[[ DATASET SECTION, beginning ]]

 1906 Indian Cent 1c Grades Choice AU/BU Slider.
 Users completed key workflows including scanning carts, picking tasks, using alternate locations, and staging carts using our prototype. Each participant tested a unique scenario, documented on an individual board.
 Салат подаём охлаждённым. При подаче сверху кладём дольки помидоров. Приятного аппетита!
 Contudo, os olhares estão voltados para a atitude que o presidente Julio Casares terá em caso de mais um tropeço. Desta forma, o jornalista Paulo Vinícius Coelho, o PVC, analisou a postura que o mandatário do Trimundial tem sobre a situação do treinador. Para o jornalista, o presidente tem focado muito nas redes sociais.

[[ DATASET SECTION, end ]]

TASK: Retype the listing above exactly as it appears.

FINISHED TASK:
 1906 Indian Cent 1c Grades Choice AU/BU Slider.
 Users completed key workflows including scanning carts, picking tasks, using alternate locations, and staging carts using our prototype. Each participant tested a unique scenario, documented on an individual board.
 Салат подаём охлаждённым. При подаче сверху кладём дольки помидоров. Приятного аппетита!
 Contudo, os olhares estão voltados para a atitude que o presidente Julio Casares terá em caso de mais um tropeço. Desta forma, o jornalista Paulo Vinícius Coelho, o PVC, analisou a postura que o mandatário do Trimundial tem sobre a situação do treinador. Para o jornalista, o presidente tem focado muito nas redes sociais.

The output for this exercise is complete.